Records from a data source
::::
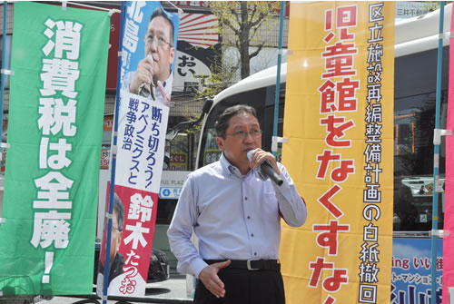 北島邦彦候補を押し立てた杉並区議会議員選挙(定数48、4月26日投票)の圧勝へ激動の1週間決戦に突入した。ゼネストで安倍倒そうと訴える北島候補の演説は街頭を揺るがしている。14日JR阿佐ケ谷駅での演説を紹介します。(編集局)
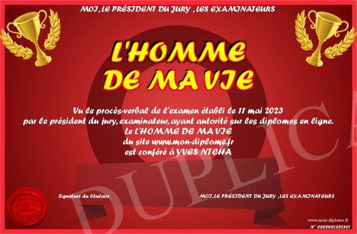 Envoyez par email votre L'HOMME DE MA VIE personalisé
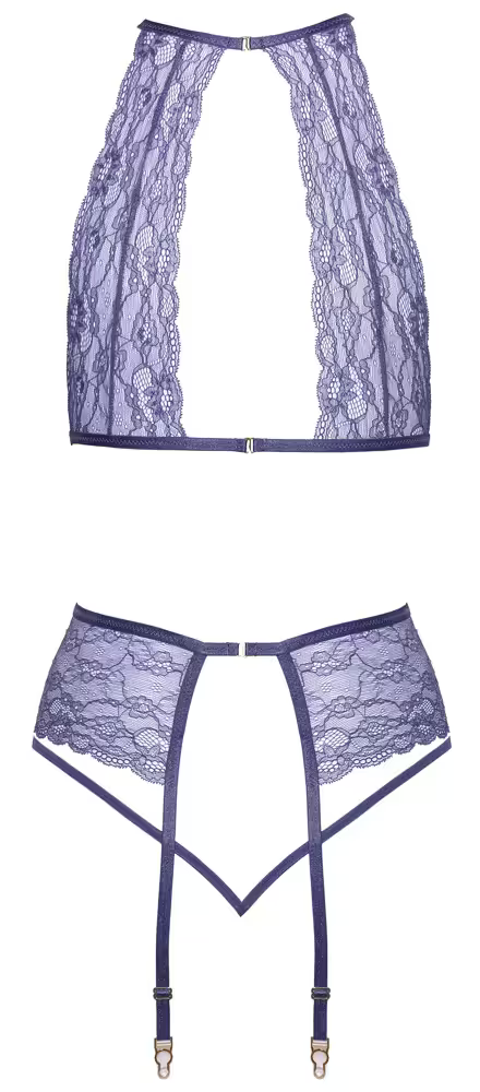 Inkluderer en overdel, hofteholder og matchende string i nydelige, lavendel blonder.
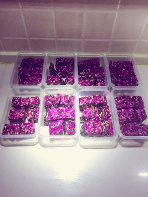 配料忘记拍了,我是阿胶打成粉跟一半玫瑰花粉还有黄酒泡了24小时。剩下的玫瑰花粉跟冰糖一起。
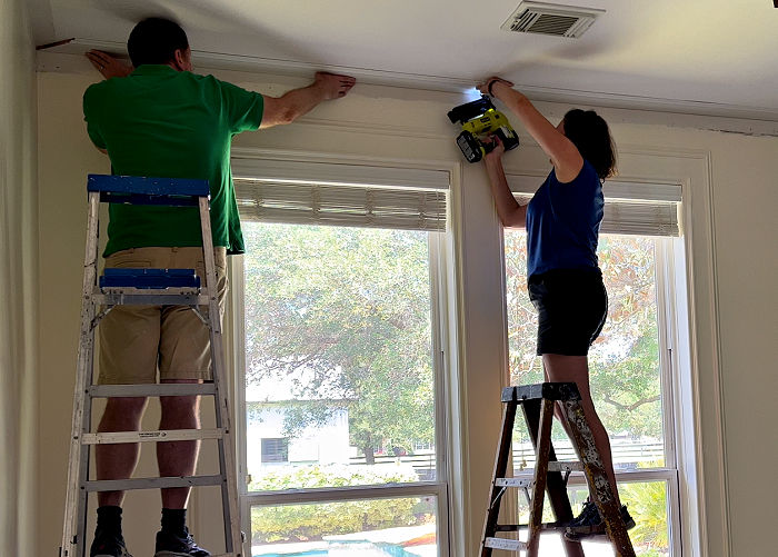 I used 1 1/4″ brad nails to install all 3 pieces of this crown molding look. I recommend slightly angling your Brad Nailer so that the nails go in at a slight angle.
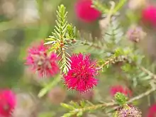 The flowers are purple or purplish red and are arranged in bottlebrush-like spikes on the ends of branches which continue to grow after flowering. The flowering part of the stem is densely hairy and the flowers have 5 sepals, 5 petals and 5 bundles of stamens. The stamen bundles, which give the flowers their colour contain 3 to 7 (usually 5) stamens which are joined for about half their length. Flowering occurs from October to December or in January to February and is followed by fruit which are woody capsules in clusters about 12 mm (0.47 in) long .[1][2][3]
::::
[What needs to be done] The answer must be the part of the records that opens with the line containing "Inkluderer en overdel, hofteholder" and closes with the line containing "I used 1 1/4″", reproduced exactly, with no pictures.

[Exercise response]
 Inkluderer en overdel, hofteholder og matchende string i nydelige, lavendel blonder.
 配料忘记拍了,我是阿胶打成粉跟一半玫瑰花粉还有黄酒泡了24小时。剩下的玫瑰花粉跟冰糖一起。
 I used 1 1/4″ brad nails to install all 3 pieces of this crown molding look. I recommend slightly angling your Brad Nailer so that the nails go in at a slight angle.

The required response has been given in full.